The great thing about the script, written by director Alex Lutz, Amélia Guyader and Hadrien Bichet as an adaption of the novel by Nicolas Mathieu, is the deliberate lack of judgement. Connemara is really about learning the value of taking your time. Hélène’s headlong plunge into a relationship with Christophe, which involves swiftly going public while still wearing her wedding ring, is maybe not the best idea! But you try telling that to someone who’s always thought she was smarter than everyone else. 

The subtext about opportunity, intelligence and drive is the absolute core of the story. Hélène has spent her professional life devoted to the concept that there is only one best way to do everything and she is the best person to find it. Ms. Thierry makes it elegantly clear how important Hélène’s work is to her, and how shocked she is to find someone who fulfils her just as much as her career did. The sideways, or maybe backwards, move to her hometown also has her wondering whether she’s devoted her life to the right idea. The point is emphasized through flashbacks to a conversation with the mother of Hélène’s childhood best friend, a woman whose ambitions were stifled by small-town life, and who sees Hélène has the drive to escape to and then succeed in Paris which her own daughter does not. But just because Christophe is happy where he is doesn’t make him a less worthy or capable partner.
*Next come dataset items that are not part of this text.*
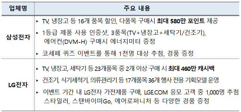 - 가전, 의류관리기 등 인기품목 할인 및 다품목 구매시 최대580만 포인트
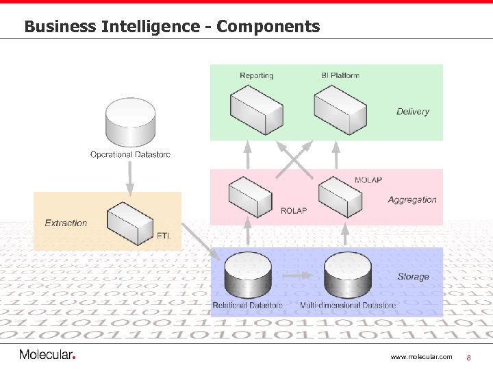 Business Intelligence – A Definition Business Intelligence • In 1989 Howard Dresner (Gartner Group) created the term "BI“: “A set of concepts and methods to improve business decisionmaking by using fact-based support systems. ” • Wikipedia: • the technology used for collecting and analyzing business information • a set of business processes for this purpose • the information obtained from these processes • Includes: • ETL Tools • OLAP/Data Analysis Tools • Reporting Tools • Databases • www. molecular. com 7
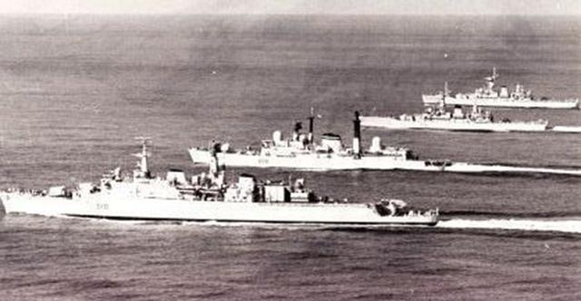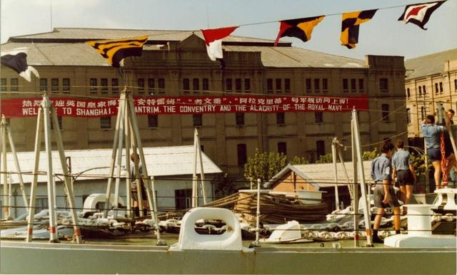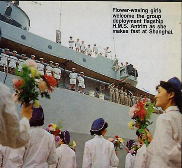 英国派出访问上海的4艘舰艇,从近到远依次是“安特里姆”号导弹驱逐舰(当时称轻巡洋舰)、“考文垂”号导弹驱逐舰、“羚羊”号导弹护卫舰、“活泼”号导弹护卫舰。
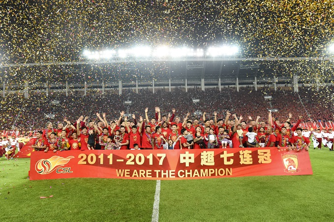 10月22日,廣州恒大隊(duì)在天河體育場(chǎng)以5比1狂勝貴州恒豐隊(duì),提前2輪勇奪中超冠軍,成為中國(guó)職業(yè)足球歷史上第一支7連冠球隊(duì),追平了世界職業(yè)足球聯(lián)賽連續(xù)奪冠的世界紀(jì)錄。賽后,廣州市人民政府發(fā)來賀信,贊揚(yáng)恒大隊(duì)“書寫廣州足球新篇章”,“為廣州添了彩、爭(zhēng)了光”,并希望恒大隊(duì)繼往開來,“為加快建設(shè)廣州國(guó)際體育名城努力奮斗”。
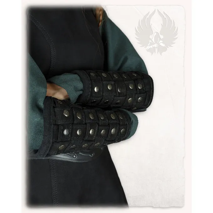 Disse Vambraces er egnede til reenactment, cosplay og larp. Vambraces er lavet af suede læder, hvilket gør dem ekstra behagelige. Vambraces består af flettet læderremme, som er nittet sammen. De kan lukkes med to bælte spænder.
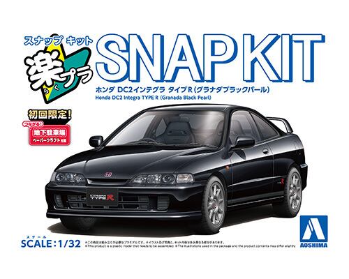 ホンダ インテグラにVTECを搭載したホットモデル「インテグラ タイプR」クーペモデルDC2を1998年の後期型、通称98Specでキット化しました。パーツ数を抑え、塗装不要・接着剤不要。お子様から大人まで楽しめるプラモデルです。
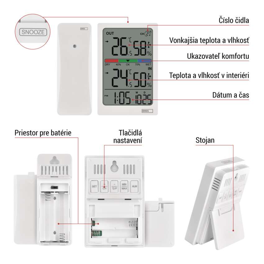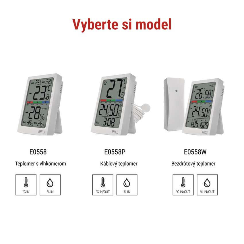 Digitálny teplomer s vlhkomerom, bezdrôtový snímač, budík, dátum E0558W
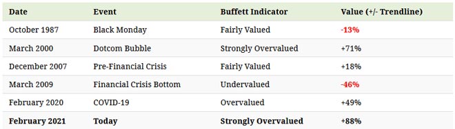 Ecco uno sguardo ad alcuni momenti storici nel mercato azionario e in cui all'epoca era valutato l'indicatore Buffett:
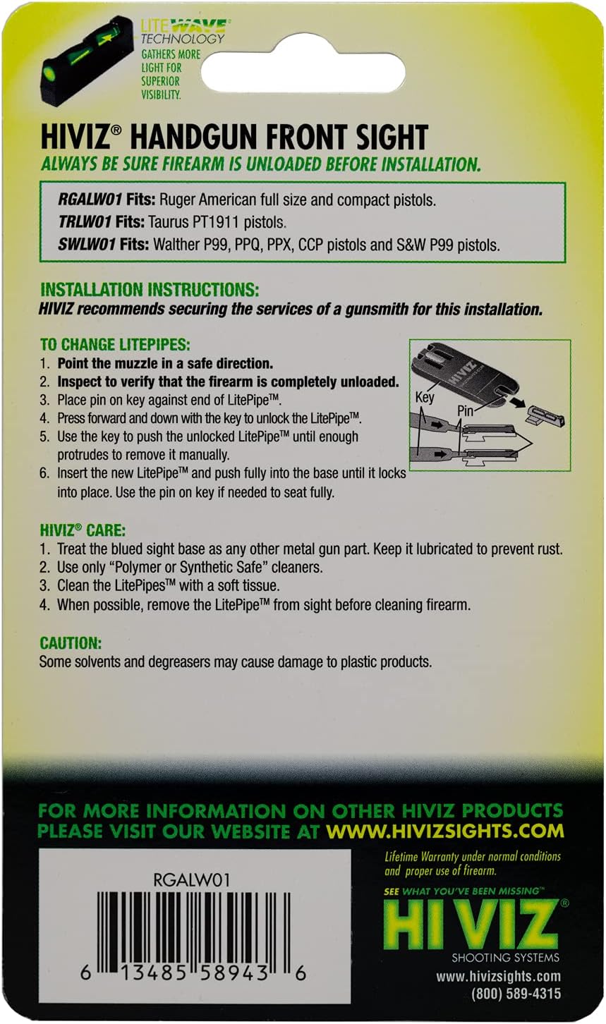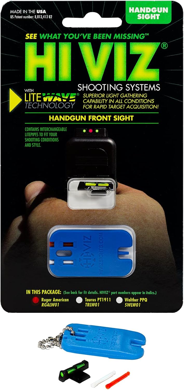 Improve the performance of your Ruger American with the litewave sight. The bright and ultra-durable litewave sights will enhance your confidence and shooting experience. Features: - litewave interchangeable LitePipe design - all steel construction - factory height front sight compatible with factory rear sights. Includes: - green, Red and white LitePipes. Specifications: - fits: Ruger American models fullsize and compact - LitePipe diameter 0.090 - blade width 0.125 - replacement LitePipe handgun version # 5
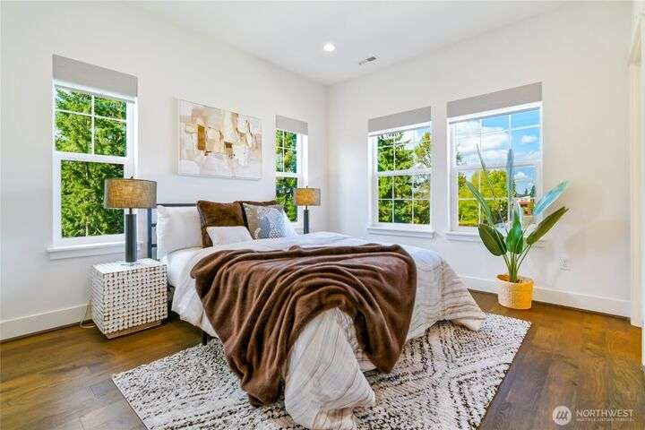 Sophisticated style & vibrant city living meet in this contemporary 2-bedroom corner-unit townhome. The light-filled open main level is perfect for entertaining, w/ a designer kitchen showcasing sleek quartz countertops, premium S.S. appliances, & an inviting gas fireplace for cozy evenings. Beautiful hardwood floors flow throughout the home w/ no carpet anywhere adding warmth and timeless appeal. A chic powder room adds a touch of luxury for guests. Upstairs, both bedrooms are spacious private en-suites. Enjoy year-round comfort w/ central A/C, 2-car garage, & unbeatable walkability to charming shops, trendy dining, and scenic parks — plus access to an elegant community clubhouse ideal for gatherings, celebrations, or relaxed weekends.

Mr. Lutz’s previous movie, Strangers by Night, began with two middle-aged strangers meeting so cute they immediately have a quickie in a Paris metro station. (After seeing this I asked many of my friends if there was any man in the world for whom they’d take off their underwear in a subway station and the answer was a resounding no.) When the strangers continue their impulsive hook-up by wandering around Paris overnight, the only question becomes whether their connection is strong enough to overpower the lives they have waiting for them at home. Mr. Lutz clearly enjoys telling complex adult stories about how the human heart can disrupt even the most carefully planned life. He has also worked with many of the same creatives on Connemara, most notably cinematographer Éponine Momenceau, who has a gift for finding the hungry moment that sticks in the memory like a sore. Her unusual and slightly blurred handheld style, like a photograph taken in haste, combined with Margot Meynier’s editing somehow manages to convey a potent physicality. The big finale at the wedding of one of Christophe’s friends is all the more powerful for being largely dialogue-free under the drunken guests enthusiastically belting out “Les lacs de Connemara.” The Cannes festival audience was roaring its approval before the final credits rolled, and for once it felt like the hype was entirely justified. If its focus was only on one woman’s altered plans for her life Connemara would still be an important achievement. But that ending. What an ending! An epiphany this palpable is very, very rare. And that makes Connemara is a movie not to miss.

PS: Thrilling to learn from French Wikipedia that the singer who owes his career to a song about Ireland has never actually been there.

Connemara recently screened at the Cannes Film Festival.